1 | Hypothalamus (R) | 0.664767 | 0.003984 | 1.0 | False |

2 | Amygdalopiriform_Transition_Area (R) | 0.526762 | 0.003984 | 1.0 | False |

3 | Piriform_Cortex (R) | 0.603432 | 0.003984 | 1.0 | False |

4 | Presubiculum (R) | 0.292116 | 0.003984 | 1.0 | False |

We can use pairplots to visualize the embeddings of specific vertices.

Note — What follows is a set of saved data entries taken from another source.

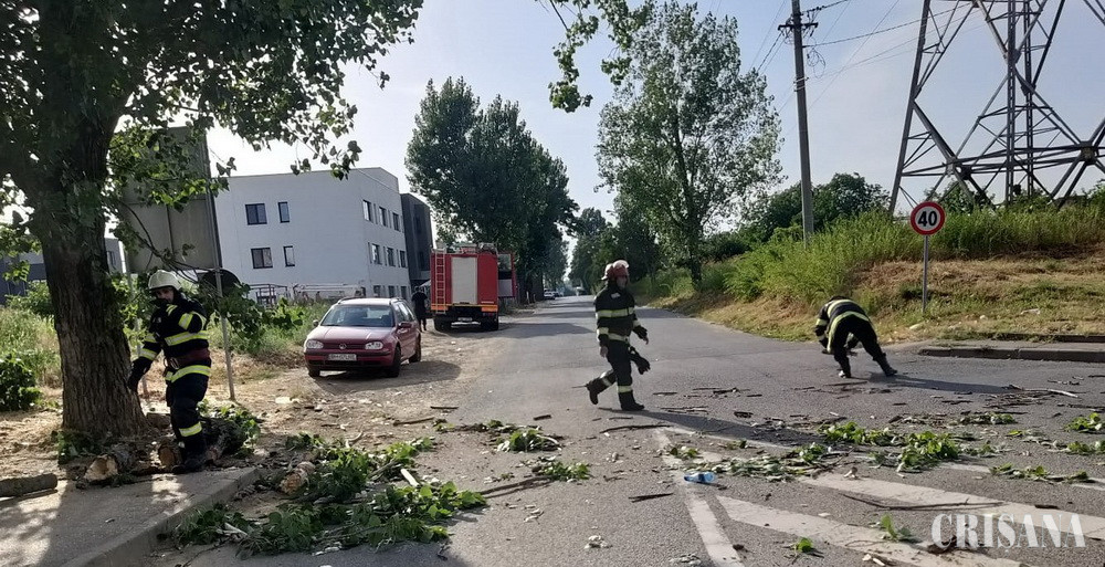 Echipajele Detașamentelor de Pompieri 1 și 2 Oradea, Secției de Pompieri Beiuș, Gărzii de Pompieri Tinca, Stației de Pompieri Aleșd, Detașamentului de Pompieri Marghita și Gărzii 1 Mai au intervenit pe străzile Transilvaniei, Fabricilor și Clujului din municipiul Oradea și în localitățile Damiș (comuna Bratca), Belfir (comuna Tinca), Peștiș, Săldăbagiu de Barcău (comuna Balc), Nojorid și Băile Felix unde au acționat pentru degajarea a zece arbori căzuți pe carosabil, trotuare, respectiv într-un parc de joacă pentru copii (în Băile Felix). În seara aceleiași zile, pompierii Stației Săcueni au înlăturat un copac prăbușit peste acoperișul unei case din localitatea Mihai Bravu, comuna Roșiori, iar echipajele Detașamentului 1 Oradea și Gărzii 1 Mai au mai intervenit în zona Parcului 1 Decembrie din Oradea și în Băile Felix, unde au acționat pentru îndepărtarea copacilor căzuți pe două autoturisme. Pompierii Stației Valea lui Mihai au îndepărtat un copac căzut pe cablurile electrice, în localitatea Galoșpetreu (comuna Tarcea), iar echipajele Detașamentului 2 de Pompieri Oradea au acționat cu scara culisabilă și accesoriile din dotare pentru ancorarea ramei unui panou publicitar de pe strada Sovata din municipiu, care periclita siguranța trecătorilor. Echipajele de Pompieri ale Detașamentului 1 Oradea au mai acționat pe strada Republicii din municipiu și în localitatea Sântandrei, unde au fixat acoperișurile de tablă desprinse parțial de pe două clădiri, în urma vijeliei, care puneau în pericol siguranța persoanelor care treceau prin zonă. Pompierii Detașamentului 2 Oradea au localizat și lichidat un incendiu produs, cel mai probabil de trăsnet, la tabloul electric situat în holul unei case de pe strada Vântului din Oradea. Incendiul a fost stins în mai puțin de cinci minute, astfel că flăcările nu s-au propagat la încăperi. A ars circa 50% din tabloul electric. Tot în cursul serii de duminică, echipajele de pompieri militari ale Detașamentului 1 Oradea au stins două incendii de vegetație uscată izbucnite la terenuri situate în Rontău și Alparea.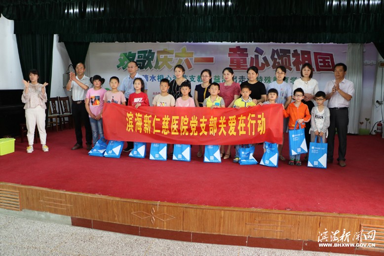 為慶祝建黨98周年,6月25日,濱海新仁慈醫(yī)院黨支部書記張教秀、院長助理吳劍帶領(lǐng)部分黨員,到縣特殊教育學(xué)校開展獻(xiàn)愛心慰問活動。
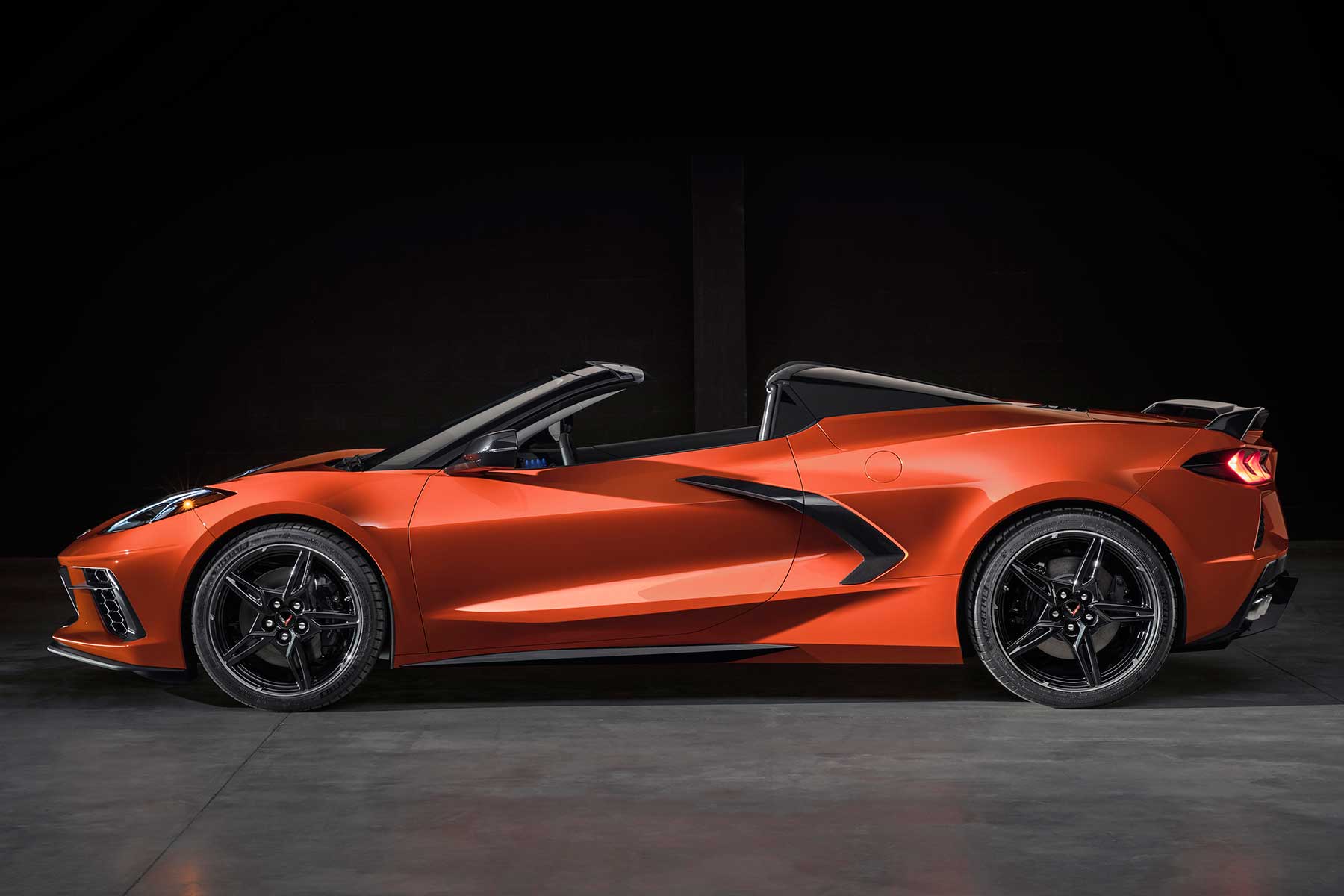Kod posljednje smjene generacija Corvette je u potpunosti promijenila koncepciju, njezin V8 motor iz nosa se preselio iza sjedala. Zanimljiva činjenica: nova je Corvette u osnovi razvijana kao kabriolet i to je razlog iz kojeg “obična” verzija tvrdi krov koji se može ručno skinuti. Kabriolet, s druge strane, ima električno sklopivi krov koji pokreće šest elektromotora. Otvara se ili zatvara za 16 sekundi do brzine od 48 km/h. Stražnji dio ove verzije jasno se razlikuje od “obične” Corvette. Krov je serijski obojen u boju karoserije, a na popisu opcija je verzija obojena poput karbona.

Below are pairsplots of the corpus callosum from the left and right hemispheres.

```
[13]:
```

```
left = pairplot(
omni_embedding[:, 121 - 1, :3],
mice.labels,
palette=["#e7298a", "#1b9e77", "#d95f02", "#7570b3"],
title="Left Corpus Callosum"
)
```

```
[14]:
```

```
right = pairplot(
omni_embedding[:, 121 + 166 - 1, :3],
mice.labels,
palette=["#e7298a", "#1b9e77", "#d95f02", "#7570b3"],
title="Right Corpus Callosum",
)
```

## Whole-brain Comparisons¶

We can use the results of the omnibus embedding to perform whole-brain comparisons across subjects from different phenotypes.

```
[15]:
```

```
from graspologic.embed import ClassicalMDS
from graspologic.plot import heatmap
```

Two-dimensional representations of each connectome were obtained by using Classical Multidimensional Scaling (`cmds`

) to reduce the dimensionality of the embeddings obtained by `omni`

.

```
[16]:
```

```
# Further reduce embedding dimensionality using cMDS
cmds = ClassicalMDS(2)
cmds_embedding = cmds.fit_transform(omni_embedding)
cmds_embedding = pd.DataFrame(cmds_embedding, columns=["Dimension 1", "Dimension 2"])
cmds_embedding["Genotype"] = mice.labels
# Embedding with BTBR
sns.scatterplot(
x="Dimension 1",
y="Dimension 2",
hue="Genotype",
data=cmds_embedding,
palette=["#e7298a", "#1b9e77", "#d95f02", "#7570b3"],
)
plt.show()
```

```
[17]:
```

```
# Find the dissimilarity between subjects' connectomes using the cMDS embedding
dis = cmds.dissimilarity_matrix_
scaled_dissimilarity = dis / np.max(dis)
heatmap(scaled_dissimilarity,
context="paper",
inner_hier_labels=mice.labels,)
plt.show()
```

Notice that mice from the same genotype are most similar to each other, as expected.